I am using gnu parallel to launch code on a high performance (HPC) computing cluster that has 2 CPUs per node. The cluster uses TORQUE portable batch system (PBS). My question is to clarify how the --jobs option for GNU parallel works in this scenario.
When I run a PBS script calling GNU parallel without the --jobs option, like this:
#PBS -lnodes=2:ppn=2
...
parallel --env $PBS_O_WORKDIR --sshloginfile $PBS_NODEFILE \
matlab -nodiplay -r "\"cd $PBS_O_WORKDIR,primes1({})\"" ::: 10 20 30 40
it looks like it only uses one CPU per core, and also provides the following error stream:
bash: parallel: command not found
parallel: Warning: Could not figure out number of cpus on galles087 (). Using 1.
bash: parallel: command not found
parallel: Warning: Could not figure out number of cpus on galles108 (). Using 1.
This looks like one error for each node. I don't understand the first part (bash: parallel: command not found
), but the second part tells me it's using one node.
When I add the option -j2
to the parallel call, the errors go away, and I think that it's using two CPUs per node. I am still a newbie to HPC, so my way of checking this is to output date-time stamps from my code (the dummy matlab code takes 10's of seconds to complete). My questions are:
- Am I using the
--jobs
option correctly? Is it correct to specify-j2
because I have 2 CPUs per node? Or should I be using-jN
where N is the total number of CPUs (number of nodes multiplied by number of CPUs per node)? - It appears that GNU parallel attempts to determine the number of CPUs per node on it's own.
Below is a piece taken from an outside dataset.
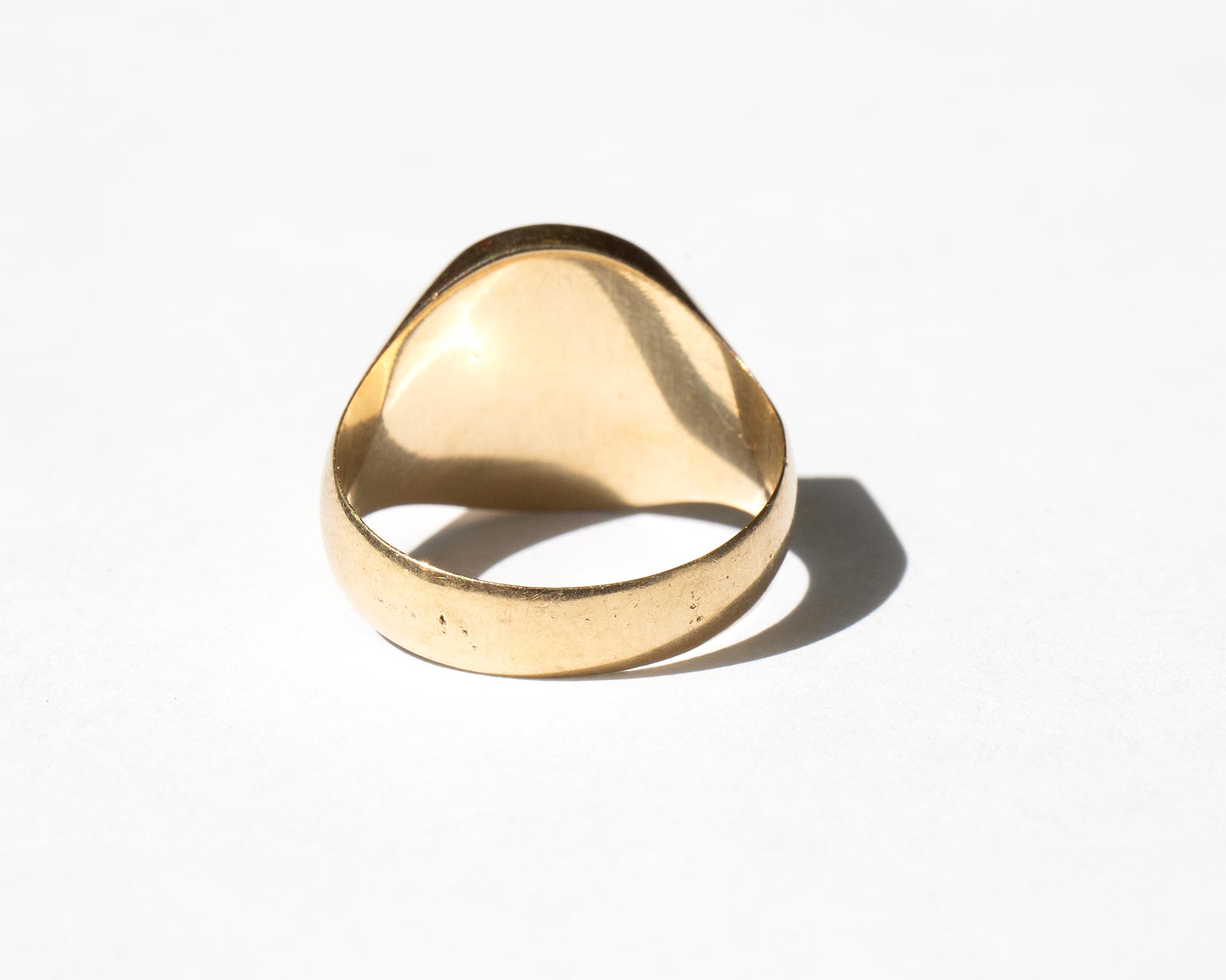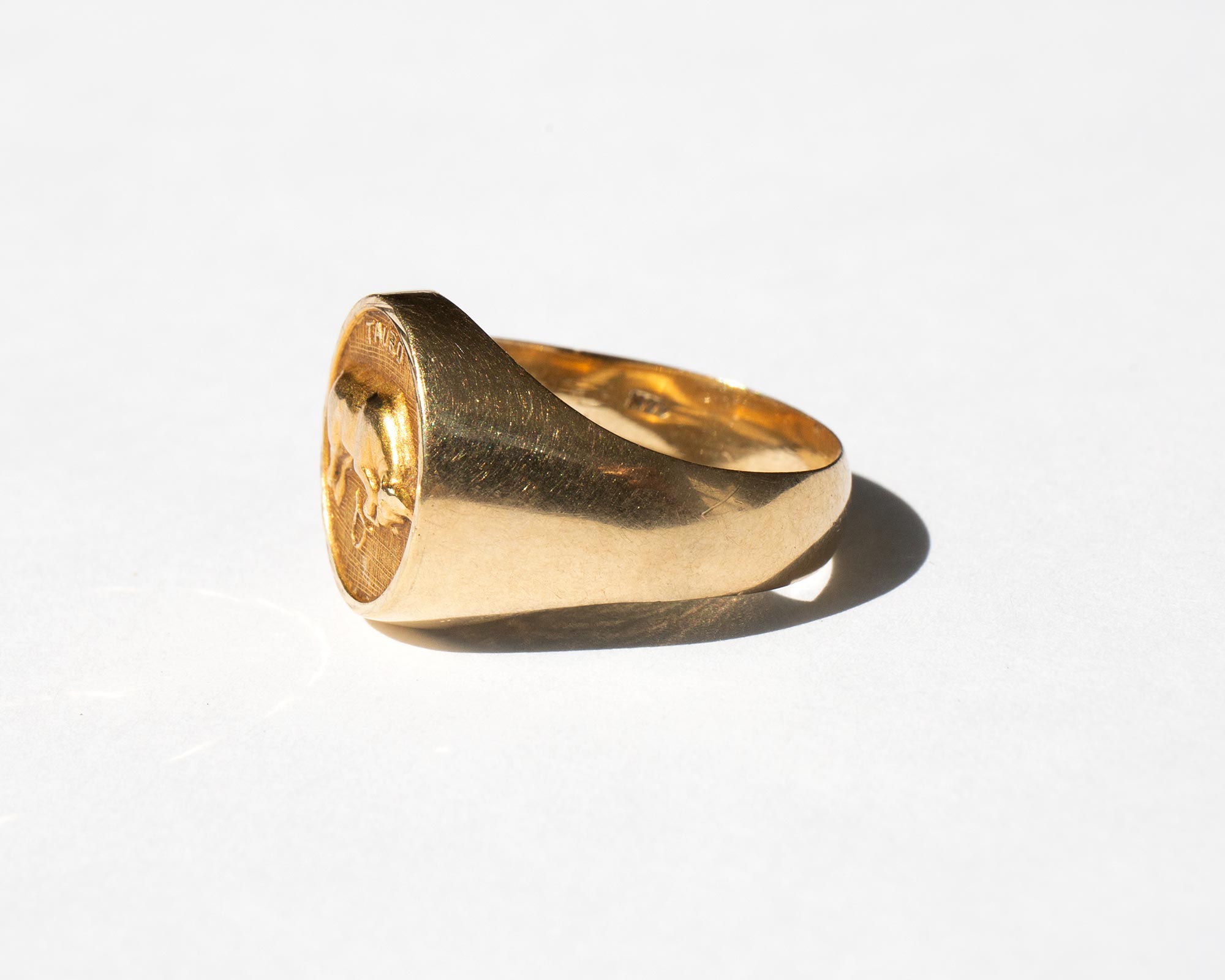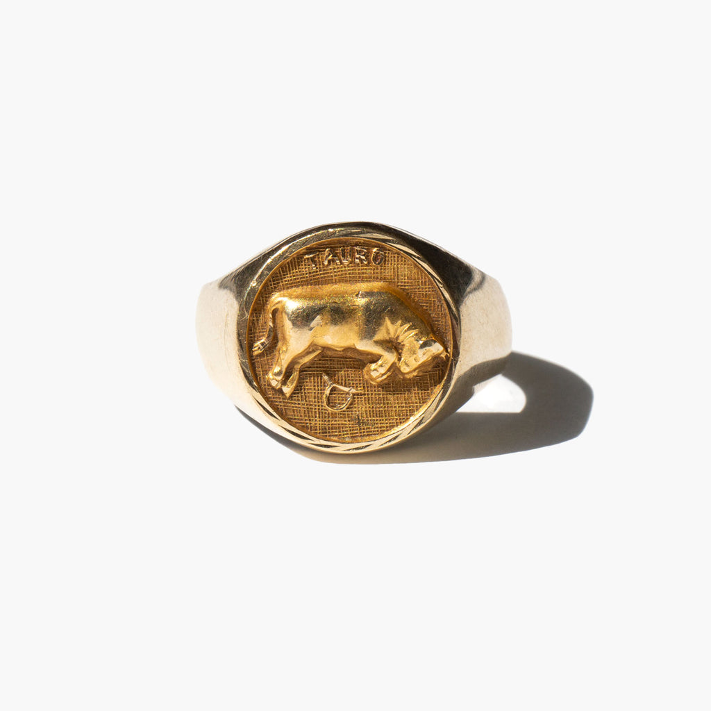 Signet-style 14k gold Taurus zodiac ring from the 1960s.

Is there a way that I can make this work properly?
- Is there any meaning to the
bash: parallel: command not found
message?
- Yes: -j is the number of jobs per node.
- Yes: Install 'parallel' in your $PATH on the remote hosts.
- Yes: It is a consequence from
parallel
missing from the $PATH.
GNU Parallel logs into the remote machine; tries to determine the number of cores (using parallel --number-of-cores
) which fails and then defaults to 1 CPU core per host. By giving -j2
GNU Parallel will not try to determine the number of cores.
Did you know that you can also give the number of cores in the --sshlogin as: 4/myserver ? This is useful if you have a mix of machines with different number of cores.
This is not an answer to the 3 primary questions, but I'd like to point out some other problems with the parallel statement in the first code block.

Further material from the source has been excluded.